Search code examples
javasocketskotlinzeromqjeromq

How to make ZMQ pub client socket buffer messages while sub server socket is down


Given 2 applications where application A is using a publisher client to contentiously stream data to application B which has a sub server socket to accept that data, how can we configure pub client socket in application A such that when B is being unavailable (like its being redeployed, restarted) A buffers all the pending messages and when B becomes available buffered messages go trough and socket catches up with real time stream?

In a nutshell, how do we make PUB CLIENT socket buffer messages with some limit while SUB SERVER is unavailable?

The default behaviour for PUB client is to drop in mute state, but it would be great if we could change that to a limit sized buffer, is it possible with zmq? or do i need to do it on application level...

I've tried setting HWM and LINGER in my sockets, but if i'm not wrong they are only responsible for slow consumer case, where my publisher is connected to subscriber, but subscriber is so slow that publisher starts to buffer messages (hwm will limit number of those messages)...

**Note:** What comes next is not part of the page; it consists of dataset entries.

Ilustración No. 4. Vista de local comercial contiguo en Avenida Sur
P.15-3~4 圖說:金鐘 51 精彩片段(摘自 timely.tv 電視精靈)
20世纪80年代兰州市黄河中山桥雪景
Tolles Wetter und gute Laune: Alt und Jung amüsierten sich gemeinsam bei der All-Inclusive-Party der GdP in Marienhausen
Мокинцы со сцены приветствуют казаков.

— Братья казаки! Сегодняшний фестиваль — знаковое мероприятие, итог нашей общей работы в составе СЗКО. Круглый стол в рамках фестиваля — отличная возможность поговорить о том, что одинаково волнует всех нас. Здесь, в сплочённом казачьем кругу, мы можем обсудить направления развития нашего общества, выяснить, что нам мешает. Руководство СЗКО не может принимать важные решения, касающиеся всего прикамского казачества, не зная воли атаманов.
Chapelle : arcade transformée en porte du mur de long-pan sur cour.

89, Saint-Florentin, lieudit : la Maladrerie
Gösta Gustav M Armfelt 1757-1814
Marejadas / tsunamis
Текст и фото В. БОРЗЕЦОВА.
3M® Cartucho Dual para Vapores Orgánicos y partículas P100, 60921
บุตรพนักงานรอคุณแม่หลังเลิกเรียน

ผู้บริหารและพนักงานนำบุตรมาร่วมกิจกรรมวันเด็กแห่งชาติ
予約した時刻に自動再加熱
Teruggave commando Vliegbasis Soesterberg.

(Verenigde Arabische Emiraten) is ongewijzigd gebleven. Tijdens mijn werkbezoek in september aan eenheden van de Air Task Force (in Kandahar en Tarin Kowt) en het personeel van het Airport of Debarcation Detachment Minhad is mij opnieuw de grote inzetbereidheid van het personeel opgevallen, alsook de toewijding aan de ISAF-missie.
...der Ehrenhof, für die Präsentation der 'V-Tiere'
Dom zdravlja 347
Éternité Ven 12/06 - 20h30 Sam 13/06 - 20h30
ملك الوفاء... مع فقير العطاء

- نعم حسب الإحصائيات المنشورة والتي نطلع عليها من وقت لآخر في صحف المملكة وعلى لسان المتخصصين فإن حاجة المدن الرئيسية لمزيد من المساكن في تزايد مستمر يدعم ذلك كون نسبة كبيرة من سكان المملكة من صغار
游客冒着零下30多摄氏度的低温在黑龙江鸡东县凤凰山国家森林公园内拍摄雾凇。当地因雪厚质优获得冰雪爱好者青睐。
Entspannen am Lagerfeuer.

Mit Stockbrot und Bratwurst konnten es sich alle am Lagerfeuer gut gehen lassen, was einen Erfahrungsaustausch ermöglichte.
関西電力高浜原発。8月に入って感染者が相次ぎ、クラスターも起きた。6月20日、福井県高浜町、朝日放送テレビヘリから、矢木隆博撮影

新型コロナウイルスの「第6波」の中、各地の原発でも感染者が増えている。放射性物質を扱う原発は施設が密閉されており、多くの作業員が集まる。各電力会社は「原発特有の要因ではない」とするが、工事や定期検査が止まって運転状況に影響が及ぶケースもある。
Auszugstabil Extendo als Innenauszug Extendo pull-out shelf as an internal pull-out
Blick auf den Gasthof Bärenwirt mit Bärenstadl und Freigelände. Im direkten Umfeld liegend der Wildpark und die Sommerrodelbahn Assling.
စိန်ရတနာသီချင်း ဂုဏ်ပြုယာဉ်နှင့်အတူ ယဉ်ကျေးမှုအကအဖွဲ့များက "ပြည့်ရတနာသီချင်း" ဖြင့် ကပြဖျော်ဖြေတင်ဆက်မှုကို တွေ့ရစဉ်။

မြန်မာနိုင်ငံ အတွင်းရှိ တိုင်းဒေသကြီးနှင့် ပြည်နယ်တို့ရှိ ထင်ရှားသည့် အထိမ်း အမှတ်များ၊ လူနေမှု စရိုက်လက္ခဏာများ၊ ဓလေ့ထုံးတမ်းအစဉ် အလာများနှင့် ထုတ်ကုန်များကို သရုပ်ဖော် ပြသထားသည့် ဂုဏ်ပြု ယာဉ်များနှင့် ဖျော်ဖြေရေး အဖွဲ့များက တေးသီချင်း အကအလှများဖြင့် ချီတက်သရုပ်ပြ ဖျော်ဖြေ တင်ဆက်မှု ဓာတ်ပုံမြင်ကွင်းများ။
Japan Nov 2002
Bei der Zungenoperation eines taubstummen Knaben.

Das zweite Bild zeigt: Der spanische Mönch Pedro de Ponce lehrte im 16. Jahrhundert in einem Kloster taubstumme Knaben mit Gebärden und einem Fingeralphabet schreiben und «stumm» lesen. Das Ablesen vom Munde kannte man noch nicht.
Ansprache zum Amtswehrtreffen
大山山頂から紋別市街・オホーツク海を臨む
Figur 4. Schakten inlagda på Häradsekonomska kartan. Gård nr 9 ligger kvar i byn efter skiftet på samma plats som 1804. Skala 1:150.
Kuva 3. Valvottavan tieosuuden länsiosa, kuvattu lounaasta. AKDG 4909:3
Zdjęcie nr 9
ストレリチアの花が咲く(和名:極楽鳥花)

I'm using jeromq since i'm targeting jvm platform.


Solution

  • I'm posting a quick update since the other two answers (though very informative were actually wrong), and i dont want others to be misinformed from my accepted answer. Not only you can do this with zmq, it is actually the default behaviour.

    The trick is that if you publisher client never connected to the subscriber server before it keeps dropping messages (and that is why i was thinking it does not buffer messages), but if your publisher connects to subscriber and you restart subscriber, publisher will buffer messages until HWM is reached which is exactly what i asked for... so in short publisher wants to know there is someone on the other end accepting messages only after that it will buffer messages...

    Here is some sample code which demonstrates this (you might need to do some basic edits to compile it).

    I used this dependency only org.zeromq:jeromq:0.5.1.

    zmq-publisher.kt

    fun main() {
       val uri = "tcp://localhost:3006"
       val context = ZContext(1)
       val socket = context.createSocket(SocketType.PUB)
    
       socket.hwm = 10000
       socket.linger = 0
       "connecting to $uri".log()
       socket.connect(uri)
    
       fun publish(path: String, msg: Msg) {
          ">> $path | ${msg.json()}".log()
          socket.sendMore(path)
          socket.send(msg.toByteArray())
       }
    
       var count = 0
    
       while (notInterrupted()) {
          val msg = telegramMessage("message : ${++count}")
          publish("/some/feed", msg)
          println()
    
          sleepInterruptible(1.second)
       }
    }
    

    and of course zmq-subscriber.kt

    
    fun main() {
       val uri = "tcp://localhost:3006"
       val context = ZContext(1)
       val socket = context.createSocket(SocketType.SUB)
    
       socket.hwm = 10000
       socket.receiveTimeOut = 250
    
       "connecting to $uri".log()
       socket.bind(uri)
    
       socket.subscribe("/some/feed")
    
       while (true) {
          val path = socket.recvStr() ?: continue
          val bytes = socket.recv()
          val msg = Msg.parseFrom(bytes)
          "<< $path | ${msg.json()}".log()
       }
    }
    

    Try running publisher first without subscriber, then when you launch subscriber you missed all the messages so far... now without restarting publisher, stop subscriber wait for some time and start it again.

    Here is an example of one of my services actually benefiting from this... This is the structure [current service]sub:server <= pub:client[service being restarted]sub:server <=* pub:client[multiple publishers]

    Because i restart the service in the middle, all the publishers start buffering their messages, the final service that was observing ~200 messages per second observes drop to 0 (those 1 or 2 are heartbeats) then sudden burst of 1000+ messages come in, because all publishers flushed their buffers (restart took about 5 seconds)... I am actually not loosing a single message here...

    enter image description here

    Note that you must have subscriber:server <= publisher:client pair (this way publisher knows "there is only one place i need to deliver these messages to" (you can try binding on publisher and connecting on subscriber but you will not see publisher buffering messages anymore simply because its questionable if subscriber that just disconnected did it because it no longer needs the data or because it failed)